In this step, we discuss the approach of the project, a concept we call smart from below, which emphasises people's ingenuity.
Smart From Below

As noted in the film you watched in the previous step, the first reason our strategy towards our mHealth interventions changed was simply that older people, at least as yet, seemed to make very little use of bespoke mHealth apps. This was true across the range of fieldsites. This did not mean, however, that they were using their smartphones less for health than we expected. If anything, they used them more. Instead of using specialist health apps, we could see that they had been creative in developing ways to use the regular apps they were more comfortable with and adapting them to the field of health and welfare. Our research suggests that this more informal version of mHealth may have far more important consequences for our health and welfare.

What is ‘smart-from-below’?

This is what led to our ‘smart-from-below’ approach, where instead of studying how people adopt technology supplied from above, we help the experts to learn from the creative adoption of apps by the wider population. The term ‘smart-from-below’ comes from observations we made in Week 1 about how it has become increasingly common to refer to digital devices as ‘smart’ and how with the rise of Big Data, the use of algorithms and artificial intelligence, the idea of autonomous learning has become central to how we imagine the future of digital devices. In contrast, we needed a term that shifts the focus from how machines learn about us or about themselves, to how we learn from each other. This has implications for the future of social science.
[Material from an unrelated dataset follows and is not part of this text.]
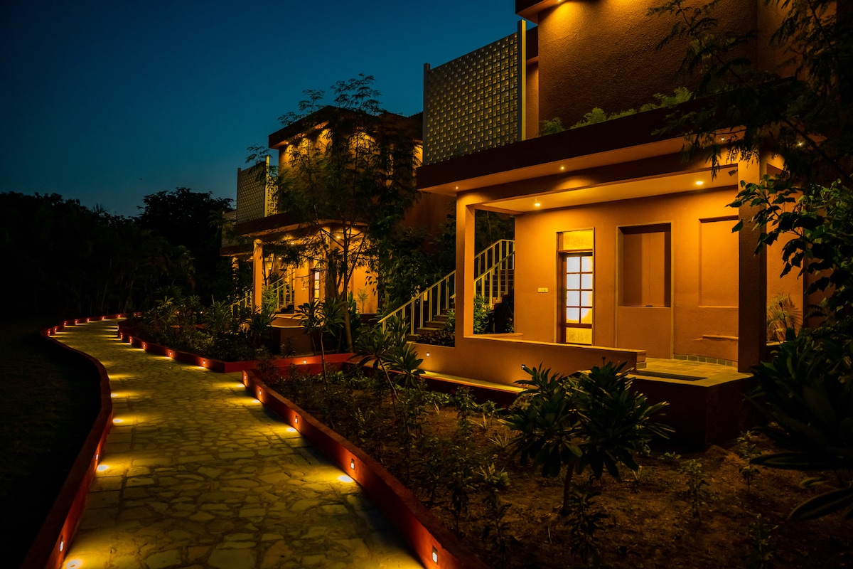 Set amidst calm, green surroundings, this 1BHK, convertible into a 2BHK, features a spacious living room with a sofa-cum-bed. The bedroom opens to a private plunge pool within an inner courtyard with loungers & warm lighting whereas bathroom with jacuzzi , private garden & balcony add comfort. Landscaped common gardens, game zone, restaurant, coffee house, open-air courtyard, outdoor pool, gym & riverside seating complete a well-appointed stay near Udaipur’s key attractions nearby city.

The best example so far in our project comes from the work of Marília Duque. During her 16 months of fieldwork in São Paulo, Marília observed many ways in which people used WhatsApp for health purposes, such as for getting advice from friends and ‘friends of friends’ who work in the Brazilian healthcare system or being able to communicate directly with doctors and exchanging visual evidence of symptoms or diagnosis.

She focused on WhatsApp, as this app easily dominates older people’s use of smartphones. Marília then summarised her observations in a best practice manual addressing hospitals and clinics that presents step-by-step protocols on how to use WhatsApp within the health sector. An English translation of this manual can be found on the ASSA website (for a link, see below).
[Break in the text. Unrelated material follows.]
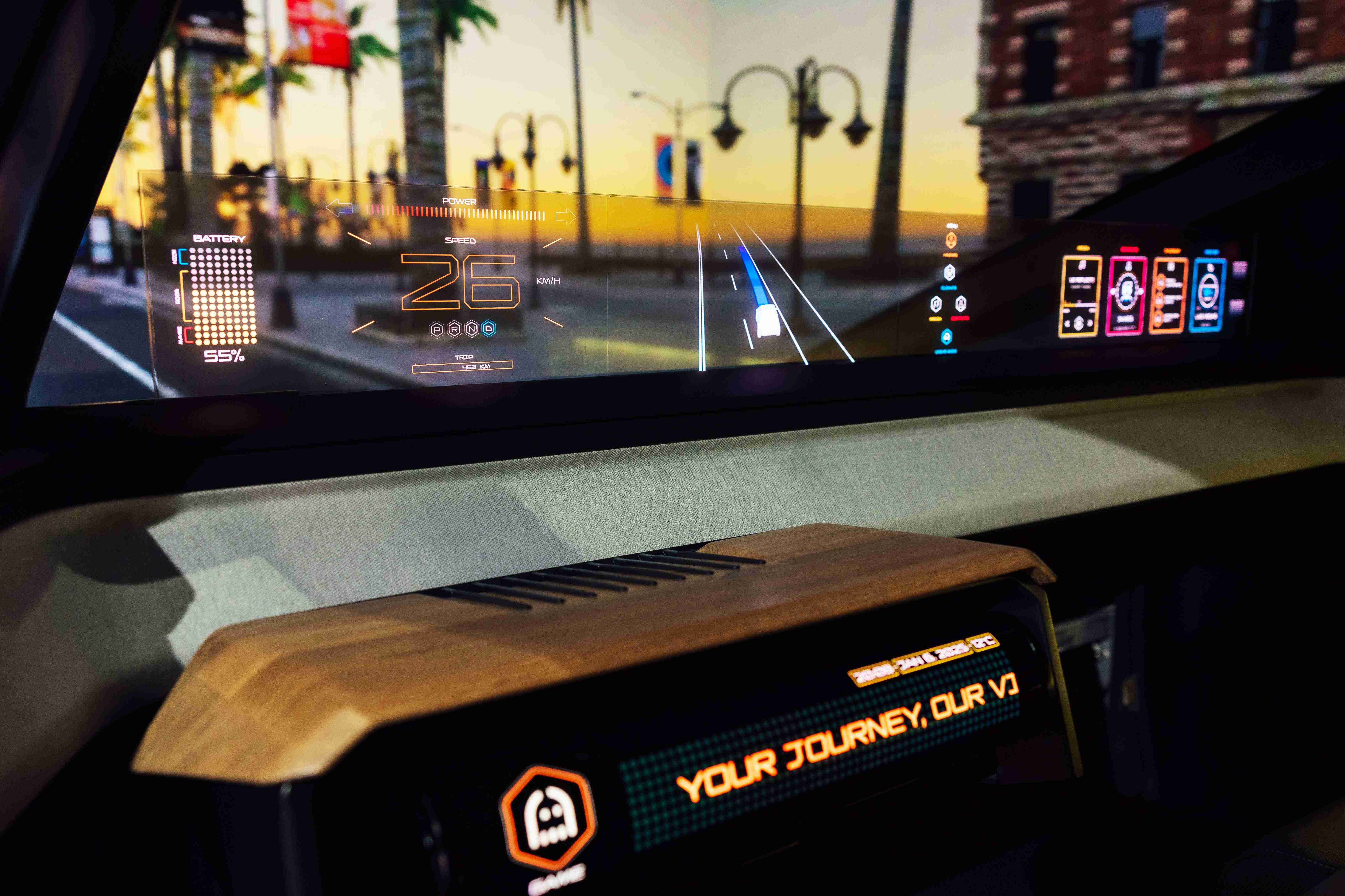 隐藏式智驾介面(Foldable Cruise Pilot)在不同模式下可以切换显示方式,,,在手动驾驶模式时,,,显示器可以在半收合状态下,,仍呈现所需资讯;自驾模式时,,显示器可以完全展开,,,满足不同的多媒体娱乐需求。。。。 尊龙集团Smart Cockpit 2025 在车头及车尾搭载合作伙伴Ennostar开发的互动式矩阵显示器(Interactive Matrix Display),,,,其突破传设计框架,,,利用优化的光源整合技术,,提供更高亮度与对比度的显示效果,,,,营造驾车者个性化风格并传递讯息。。

Screengrab from a manual that talks about how WhatsApp can be used to provide patients with care, the screengrab shows instructions for setting up a WhatsApp chat in order to provide care for the patient via the messaging app

‘Smart-from-below’ as a complement to mHealth technology

The key point is that none of this involved Marília coming up with any new bits of technology. It was a compilation of what she had observed. But just because a doctor or patient has come up with an idea, doesn’t mean other people will know about this. So in the ‘smart-from-below’ approach, the researchers collate the best examples and put them into a format from which everyone else can learn. These creative ideas can then be made available to medical services and governments. Specialist mHealth apps clearly retain a hugely important place, especially around specific health problems, often incorporating professional medical knowledge which most people do not have. ‘Smart-from-below’ is a complement to this.

A major advantage of ‘smart-from-below’ is that these are developments people created as part of their everyday life. This means we can already observe the advantages and problems in real-life contexts. We don’t have to develop a pilot scheme and then try and scale up usage artificially. In addition, these observable uses of everyday apps have no additional costs, unlike the often major costs incurred in developing new apps. ‘Smart-from-below’ is not intended to replace conventional mHealth, which is essential for particular health problems, but it represents an additional dimension and one that fits well within the commitment of anthropology to observe and respect the creativity of ordinary people. The graphic below summarises the ‘smart-from-above’ and ‘smart-from-below’ approaches.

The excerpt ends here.